(RECORDED INFORMATION Opens)

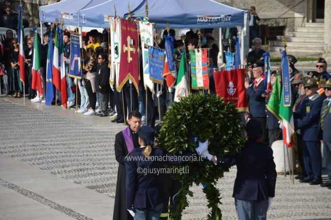 Una celebrazione particolarmente sentita quella del 4 novembre – , ha detto il presidente della Regione, Francesco Acquaroli – anche per il contesto che viviamo, con i conflitti che purtroppo stanno condizionando questa epoca. E’ importante dare forza a una memoria – ha aggiunto -, come testimonianza per le nuove generazioni, anche in un momento in cui purtroppo, come dicevo, dei conflitti stanno condizionando la libertà dei popoli. Civiltà e democrazia sono valori che si riescono a trasmettere con la consapevolezza di quello che è accaduto tanti anni fa, e con tante persone che hanno lasciato la vita con estremo sacrificio per consentirci oggi questa libertà e questa democrazia».
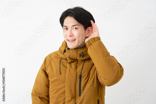 ダウンジャケットを着た男性 耳を澄ます 白背景
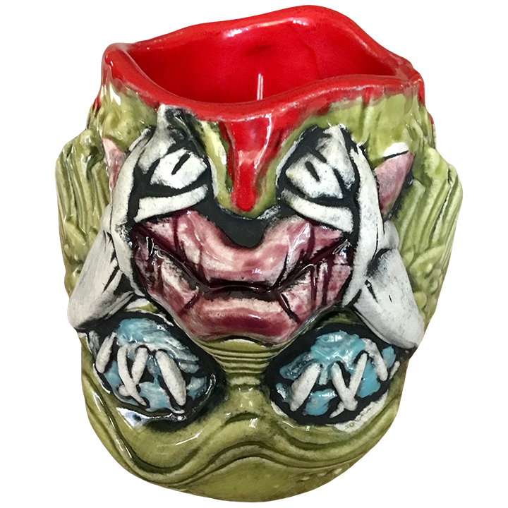 This ceramic tiki mug depicts the shrunken head of Creature from the Black Lagoon, a Universal Monster.

(RECORDED INFORMATION Closes)

AIM OF THE TASK: Produce a word-for-word version of the material, with no pictures included.

RESPONSE TO THE EXERCISE:
 Una celebrazione particolarmente sentita quella del 4 novembre – , ha detto il presidente della Regione, Francesco Acquaroli – anche per il contesto che viviamo, con i conflitti che purtroppo stanno condizionando questa epoca. E’ importante dare forza a una memoria – ha aggiunto -, come testimonianza per le nuove generazioni, anche in un momento in cui purtroppo, come dicevo, dei conflitti stanno condizionando la libertà dei popoli. Civiltà e democrazia sono valori che si riescono a trasmettere con la consapevolezza di quello che è accaduto tanti anni fa, e con tante persone che hanno lasciato la vita con estremo sacrificio per consentirci oggi questa libertà e questa democrazia».
 ダウンジャケットを着た男性 耳を澄ます 白背景
 This ceramic tiki mug depicts the shrunken head of Creature from the Black Lagoon, a Universal Monster.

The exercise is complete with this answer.